I'm happy to not worry about discussing presentation time here. An accurate presentation time mostly just helps to tweak latency. It has nothing to do with smoothness, and smoothness is what this bug is about. Optimal smoothness only requires that you know the (maximum) refresh rate of the physical display with some precision, and you match it.
(In reply to Emmanuele Bassi (:ebassi) from comment #8) > it's not really future-proof. > > Ideally, you'd want to keep track of the previous frame(s) timings and try > to match up to those, instead of hardcoding 16667 microseconds. Additional notes (other than the fact that 16667 is not hardcoded): Actually future-proof is supporting dynamic frequency displays (GSync, FreeSync, and some anonymous laptop LCDs) and always trying to get animations up to the highest frequency of the display. In order to do that you need to aim for the reported (maximum) refresh rate of a monitor, which will often be a shorter interval than the difference between previous frames.
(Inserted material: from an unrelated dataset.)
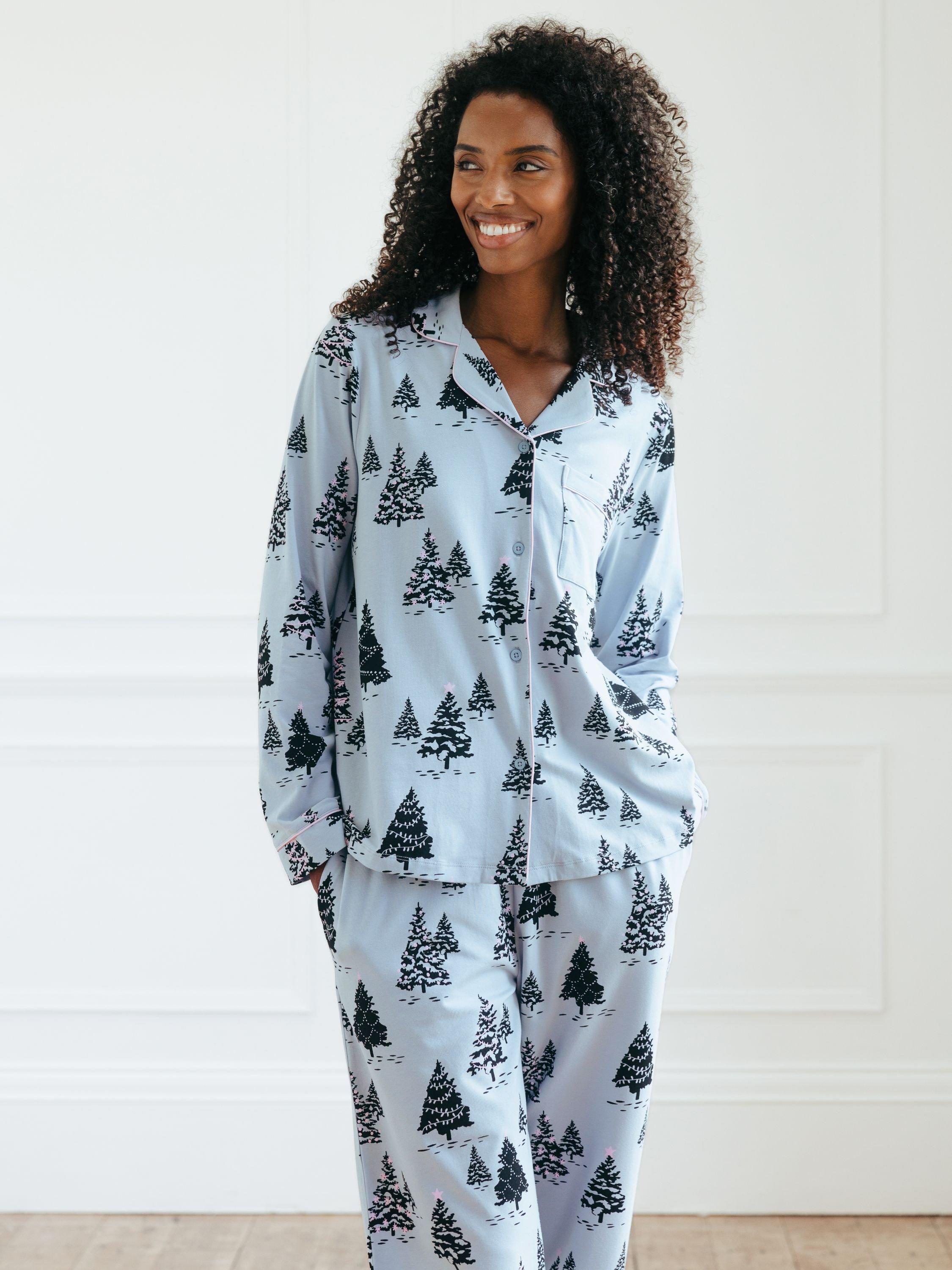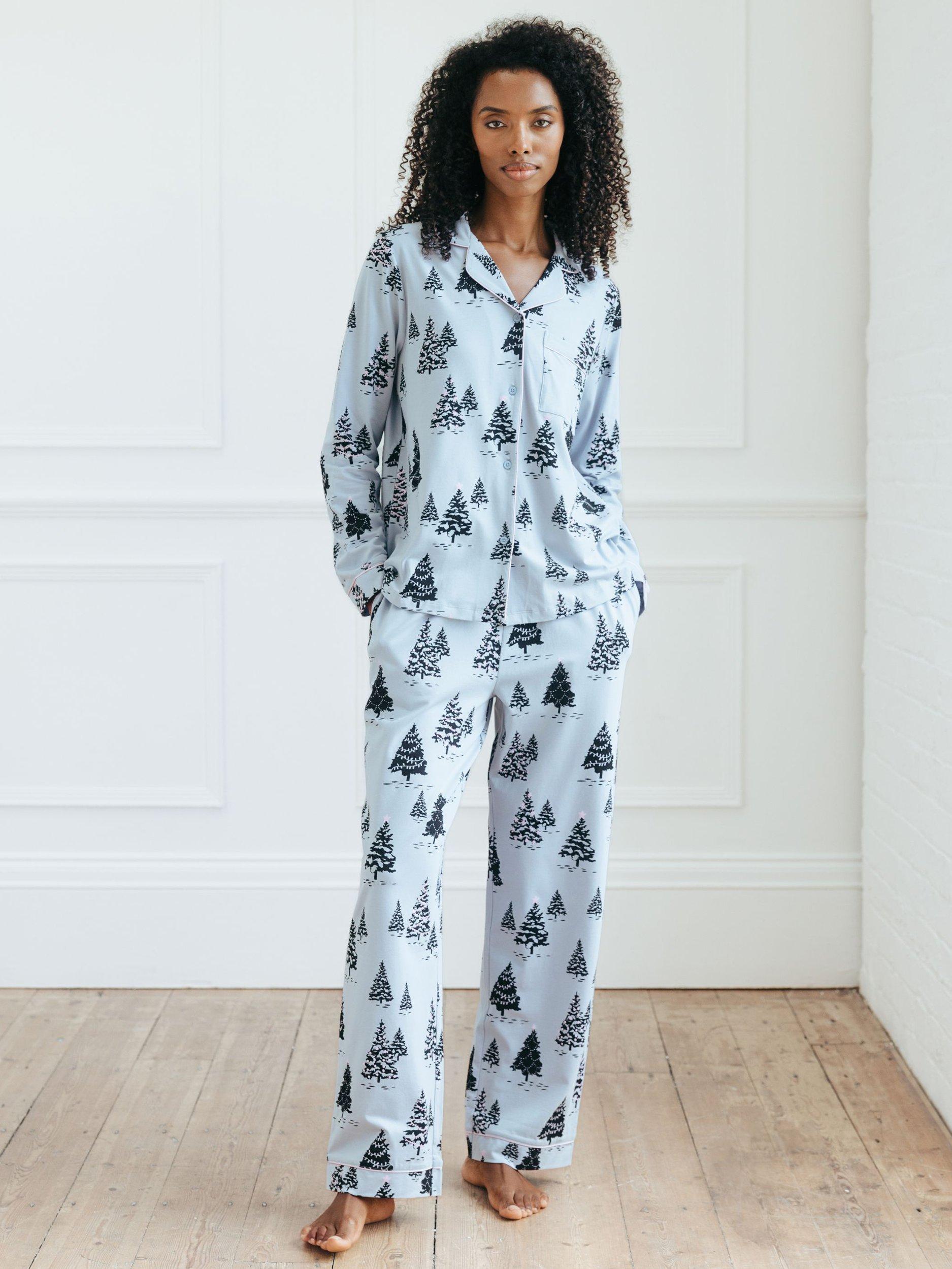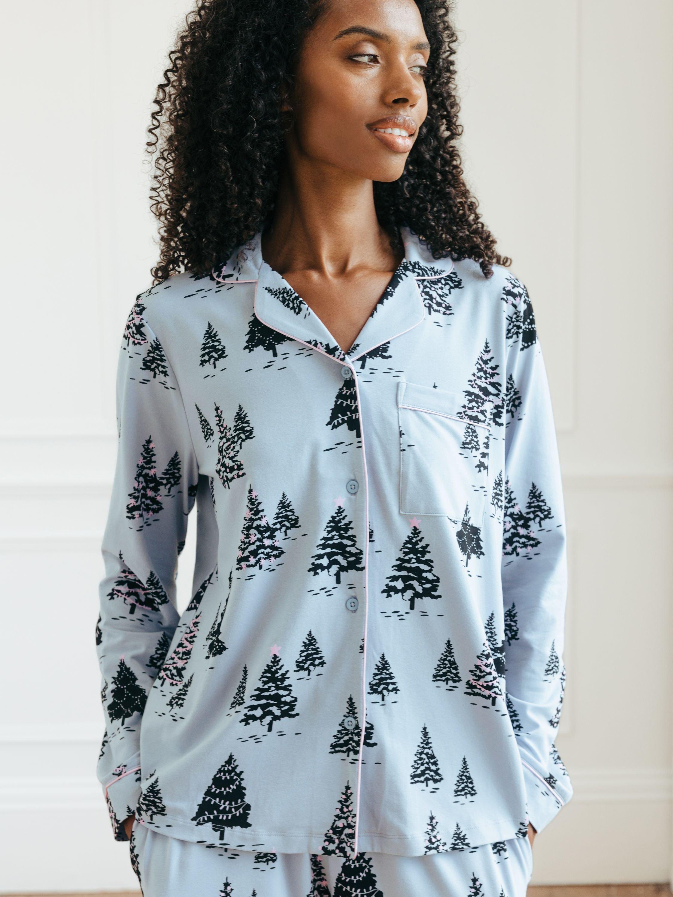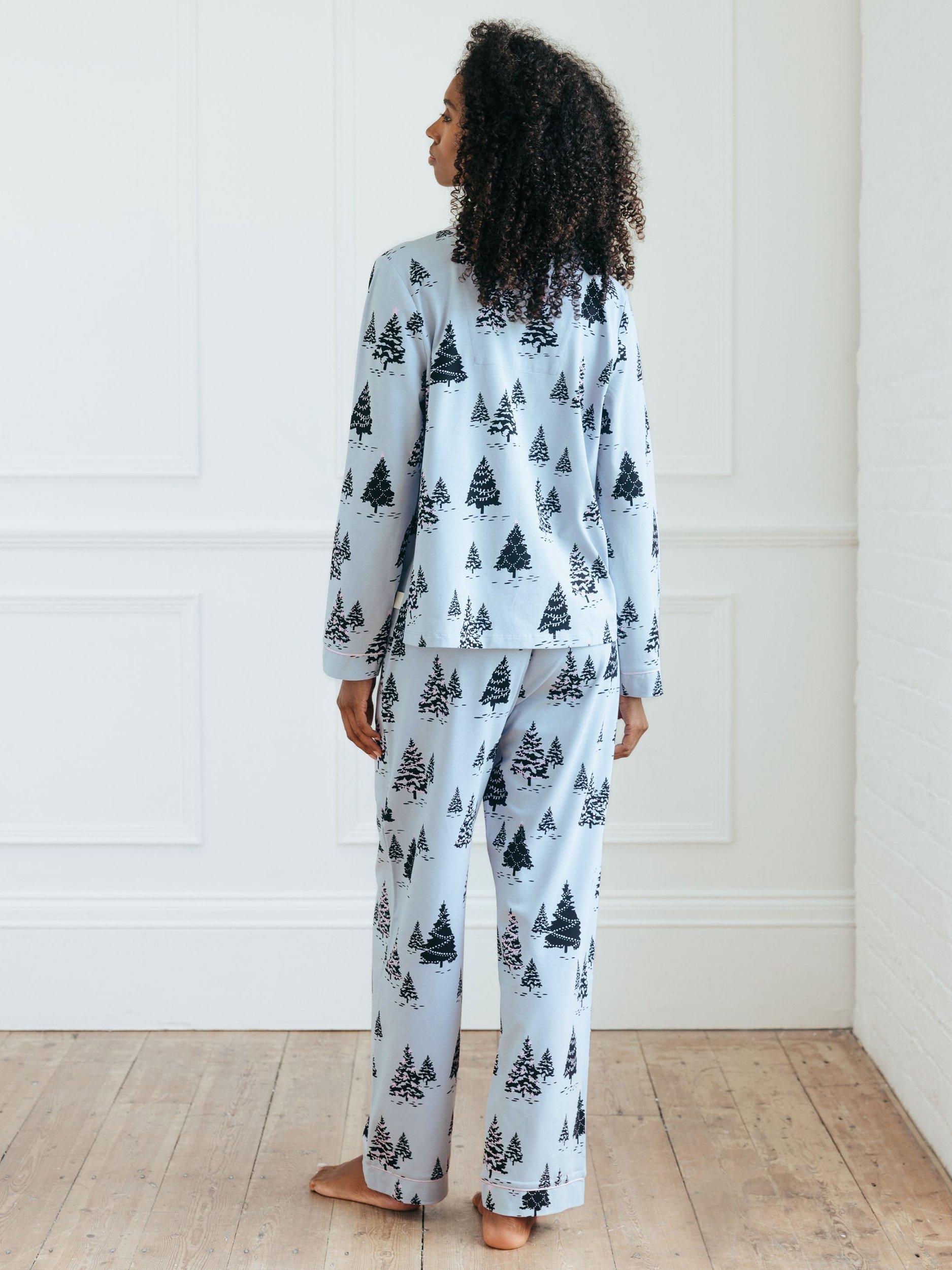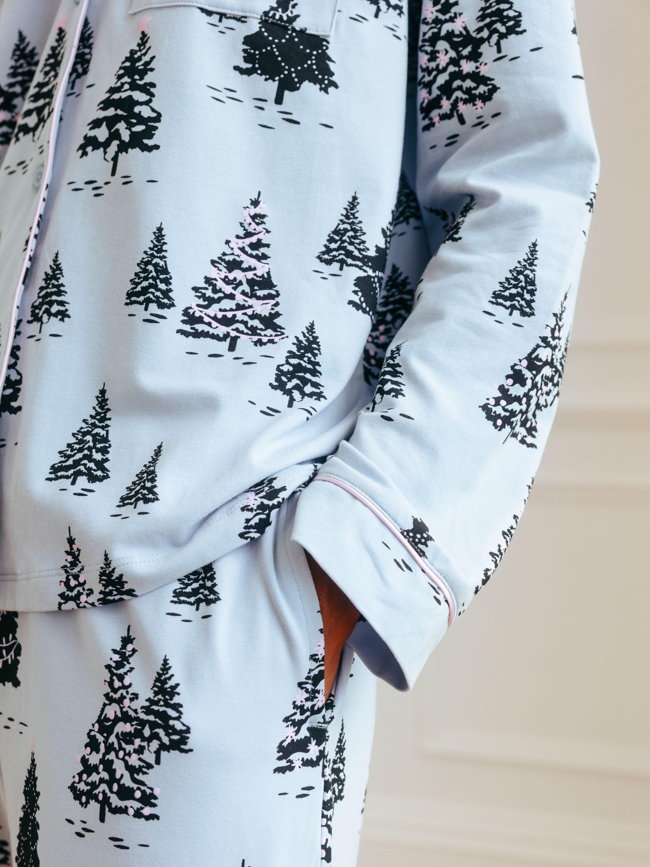 Dream of Christmas morning in this button up long pyjama set, printed with a hand-drawn design of snow-topped Christmas trees on a frosty winters day. Complete with pockets and contrast piping, these comfy pjs are made from our signature jersey knit fabric for superior comfort.

So be careful to never measure frame interval as just the difference between presentation times. You could get stuck at a sub-optimal frame rate. > > Ostensibly, we could even think about degrading the clock step to (adjusted) > 45/30/15 fps if the previous frame took more than the budget allocated to it. Actually, for optimal smoothness you need to do the opposite. And the existing frame clock logic kind of has the right idea already. If the previous frame took more than one frame to render then the right answer is to start rendering the next one with zero delay. The goal then is to limit the number of consecutive missed frames to one, by starting on the next one earlier. Incidentally, this is why triple buffering is consistently smoother than double buffering, because it does just that if when the producer on the frame queue fails to keep up with the consumer (the display). Although it's possible to achieve the same catch-up algorithm without the constant lag of triple buffering, which is what we did in Mir.
gdkgears is still the simplest way to test the patch as you can see the difference in both animation smoothness and FPS numbers there. Also, here's another way to write the test results that might make more sense: BEFORE gdkgears: 58 FPS and visibly stuttering gnome-maps on a 59.95Hz monitor: "paint" gdk_frame_clock_get_frame_time +17278μs "paint" gdk_frame_clock_get_frame_time +17426μs "paint" gdk_frame_clock_get_frame_time +17600μs ^^^ misses about 5% of frames, or stutters 3 times per sec ^^^ AFTER gdkgears: 60 FPS and smoother gnome-maps on a 59.95Hz monitor: "paint" gdk_frame_clock_get_frame_time +16680μs "paint" gdk_frame_clock_get_frame_time +16680μs "paint" gdk_frame_clock_get_frame_time +16680μs ^^^ misses no frames ^^^
fwiw, I've asked Owen to review this, since the frameclock is mainly his work.
would it be okay to cherry-pick this to gtk3?
Please do. I developed the fix against gtk3 in the first place. Although I understand people wanting to be cautious and testing it in gtk4 for some time.
An ack from a GTK maintainer would be good - I'm happy to do the actual commit.
I think we can safely backport this too. There should not be much difference.
Pushed to gtk-3-22 too now
Thanks. It's worth remembering the difference between 58 FPS and 60 FPS... 58 FPS stutters twice every second 60 FPS never stutters (on a 60Hz display) When you think of it like that then it's easier to understand there's a significant visual improvement.